◆ Instructions to follow: What you write must be the listing below in full, word for word, minus its pictures.
Supplied data Start Marker
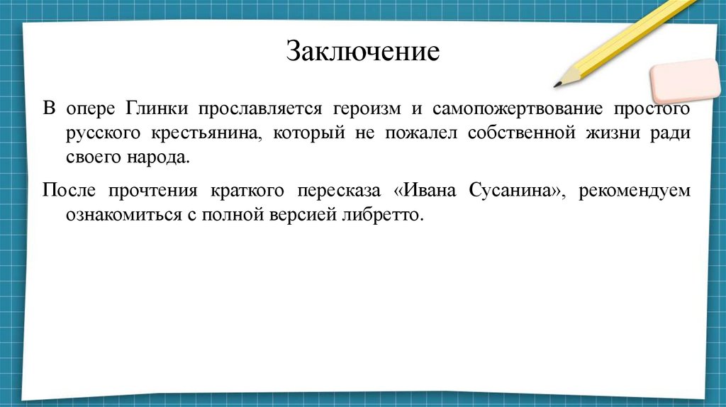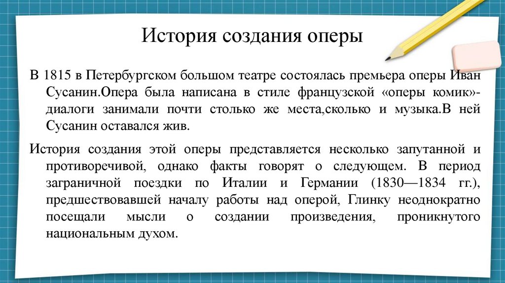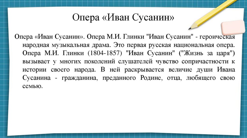 Опера «Иван Сусанин». Опера М.И. Глинки "Иван Сусанин" - героическаянародная музыкальная драма. Это первая русская национальная опера.
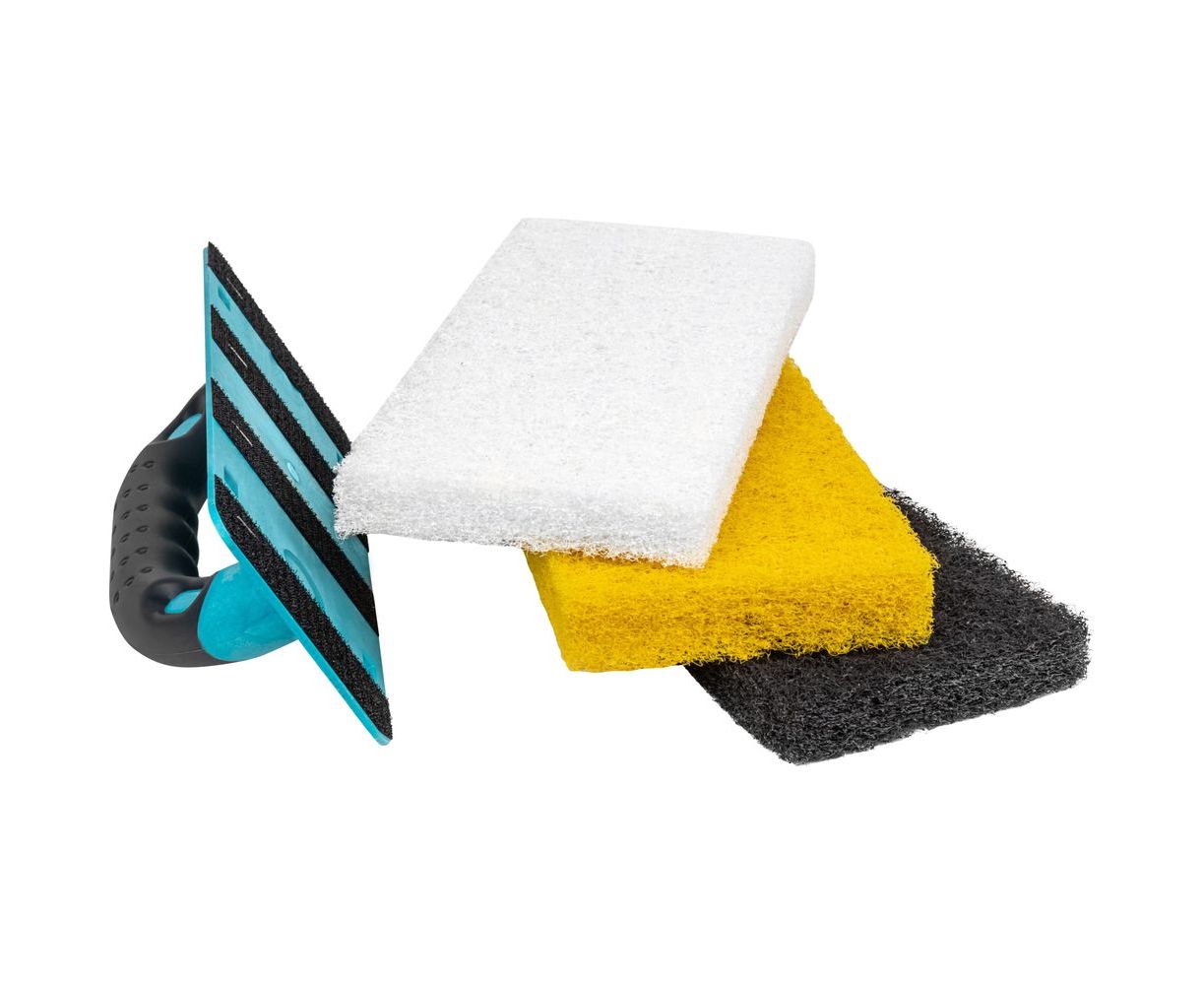 Набор падов с ручкой для очистки плитки BIHUI CSPK4 применяется для очистки плитки после затирки (мытья различных поверхностей). В комплекте 3 губки разной структуры и сменная ручка. Губки крепятся на липучку (как черепашки на основу). С данным набором профессиональные плиточники могут выполнять широчайший спектр работ с любыми типами поверхностей, но особенно работы по очистки после укладки плитки.
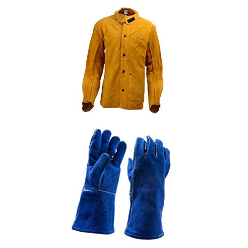 Flameer 溶接ジャケット+作業手袋(35cm) 防護服 2層 M/XL/XXL選択 耐磨耗性 耐火性 耐熱性 牛革 高品質 - M
Supplied data End Marker
◆ The answer:
 Опера «Иван Сусанин». Опера М.И. Глинки "Иван Сусанин" - героическаянародная музыкальная драма. Это первая русская национальная опера.
 Набор падов с ручкой для очистки плитки BIHUI CSPK4 применяется для очистки плитки после затирки (мытья различных поверхностей). В комплекте 3 губки разной структуры и сменная ручка. Губки крепятся на липучку (как черепашки на основу). С данным набором профессиональные плиточники могут выполнять широчайший спектр работ с любыми типами поверхностей, но особенно работы по очистки после укладки плитки.
 Flameer 溶接ジャケット+作業手袋(35cm) 防護服 2層 M/XL/XXL選択 耐磨耗性 耐火性 耐熱性 牛革 高品質 - M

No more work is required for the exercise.